'Barbie' dominates Golden Globe nominations. Read the full list
"Barbie" is now tied with "Cabaret" from 1972 for the second-most nominations in Golden Globes history.LEARN MORE
Comedian Jo Koy is hosting the ceremony, which will be broadcast live from Beverly Hilton Hotel beginning at 8 p.m. Eastern.
The Golden Globe Awards are back on Sunday, with plenty of behind-the-scenes changes aimed at cementing a yearslong comeback effort.
The show is known for its boozy celebration of film and television and as an early stop for awards season contenders. Scandals have led to a membership revamp and a new broadcaster for the Jan. 7 show, but a key question remains: Will viewers tune in? The show certainly is betting on it, unveiling a starry list of presenters including the likes of Oprah Winfrey, Michelle Yeoh, Ben Affleck and Dua Lipa.

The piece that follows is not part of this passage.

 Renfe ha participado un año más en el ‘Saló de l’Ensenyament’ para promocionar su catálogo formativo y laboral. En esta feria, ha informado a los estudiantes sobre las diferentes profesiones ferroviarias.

Here's what to know about the 81st Golden Globe Awards.
Viewers in the United States can catch the ceremony, broadcast live from the Beverly Hilton hotel, beginning at 8 p.m. Eastern. It will air beginning at 5 p.m. on the West Coast.

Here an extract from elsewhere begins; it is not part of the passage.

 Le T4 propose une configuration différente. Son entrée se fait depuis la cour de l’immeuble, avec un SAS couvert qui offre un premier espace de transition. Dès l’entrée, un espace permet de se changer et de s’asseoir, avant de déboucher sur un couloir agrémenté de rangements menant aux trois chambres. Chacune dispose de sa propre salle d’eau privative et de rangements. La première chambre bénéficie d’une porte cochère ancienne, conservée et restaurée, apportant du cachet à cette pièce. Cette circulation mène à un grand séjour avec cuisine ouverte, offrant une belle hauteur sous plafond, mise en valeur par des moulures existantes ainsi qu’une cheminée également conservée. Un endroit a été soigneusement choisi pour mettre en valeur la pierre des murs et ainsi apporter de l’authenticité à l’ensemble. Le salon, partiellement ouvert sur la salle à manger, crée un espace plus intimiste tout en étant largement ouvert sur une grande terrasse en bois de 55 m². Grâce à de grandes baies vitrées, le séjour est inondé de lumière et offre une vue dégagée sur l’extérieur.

Here's more information about how to watch the Golden Globes live, including streaming the red carpet and backstage interviews.

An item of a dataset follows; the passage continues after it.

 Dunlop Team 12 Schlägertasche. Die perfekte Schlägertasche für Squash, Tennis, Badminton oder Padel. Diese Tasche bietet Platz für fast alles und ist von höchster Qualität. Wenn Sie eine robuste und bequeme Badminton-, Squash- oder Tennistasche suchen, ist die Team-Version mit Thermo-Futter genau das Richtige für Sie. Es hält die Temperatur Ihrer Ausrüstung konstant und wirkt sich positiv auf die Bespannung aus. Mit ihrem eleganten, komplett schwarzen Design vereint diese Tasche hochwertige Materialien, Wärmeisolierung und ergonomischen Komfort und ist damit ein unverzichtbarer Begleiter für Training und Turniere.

It will be the first major broadcast of awards season, with a new home on CBS. And while to audiences it might look similar on the surface, it's been a tumultuous few years behind the scenes following a bombshell report in the Los Angeles Times. The 2021 report found that there were no Black members in the Hollywood Foreign Press Association, which voted on the awards.
Stars and studios boycotted the Globes and NBC refused to air it in 2022 as a result. After the group added journalists of color to its ranks and instituted other reforms to address ethical concerns, the show came back last January in a one-year probationary agreement with NBC. The network did not opt to renew.
In June, billionaire Todd Boehly was granted approval to dissolve the HFPA and reinvent the Golden Globes as a for-profit organization. Its assets were acquired by Boehly's Eldridge Industries, along with Dick Clark Productions, a group owned by Penske Media — whose assets also include Variety, Deadline, The Hollywood Reporter, Rolling Stone and Billboard.
The show has also added a new award for stand-up comedy, with Chris Rock, Amy Schumer and former Globes host Ricky Gervais among the nominees.
Comedian Jo Koy, who has headlined several Netflix specials and starred in last year's comedy film "Easter Sunday," will host the Globes.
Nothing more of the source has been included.